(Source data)
========================

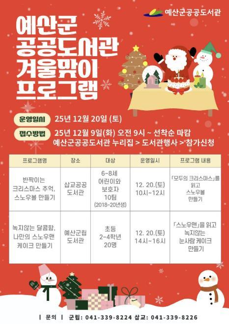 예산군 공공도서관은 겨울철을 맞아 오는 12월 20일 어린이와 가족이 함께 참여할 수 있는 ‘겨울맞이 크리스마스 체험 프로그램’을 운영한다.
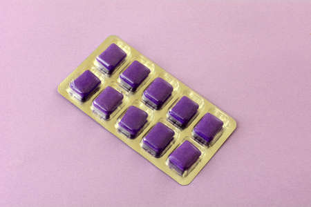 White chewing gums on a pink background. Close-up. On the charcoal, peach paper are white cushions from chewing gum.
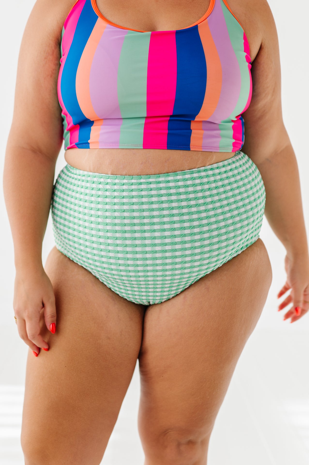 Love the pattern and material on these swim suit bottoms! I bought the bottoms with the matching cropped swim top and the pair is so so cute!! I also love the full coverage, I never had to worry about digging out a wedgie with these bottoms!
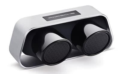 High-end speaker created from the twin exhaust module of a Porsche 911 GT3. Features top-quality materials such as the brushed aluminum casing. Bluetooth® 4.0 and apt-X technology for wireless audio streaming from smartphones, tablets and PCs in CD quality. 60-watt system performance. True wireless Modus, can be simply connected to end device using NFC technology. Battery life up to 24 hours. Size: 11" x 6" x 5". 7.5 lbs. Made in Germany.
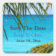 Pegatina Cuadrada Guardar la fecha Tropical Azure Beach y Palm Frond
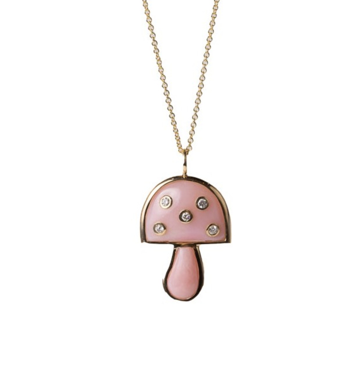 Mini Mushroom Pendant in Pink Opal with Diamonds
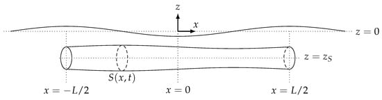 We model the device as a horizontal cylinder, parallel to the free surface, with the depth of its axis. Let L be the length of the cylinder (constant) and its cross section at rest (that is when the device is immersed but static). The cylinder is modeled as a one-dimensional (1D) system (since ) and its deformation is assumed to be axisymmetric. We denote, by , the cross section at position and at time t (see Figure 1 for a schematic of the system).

========================

> [WHAT YOU WILL DO] Starting with the first line of the data, transcribe every line exactly through the one containing "White chewing gums". No pictures go in.

> [RESULT FOR THIS EXERCISE]
 예산군 공공도서관은 겨울철을 맞아 오는 12월 20일 어린이와 가족이 함께 참여할 수 있는 ‘겨울맞이 크리스마스 체험 프로그램’을 운영한다.
 White chewing gums on a pink background. Close-up. On the charcoal, peach paper are white cushions from chewing gum.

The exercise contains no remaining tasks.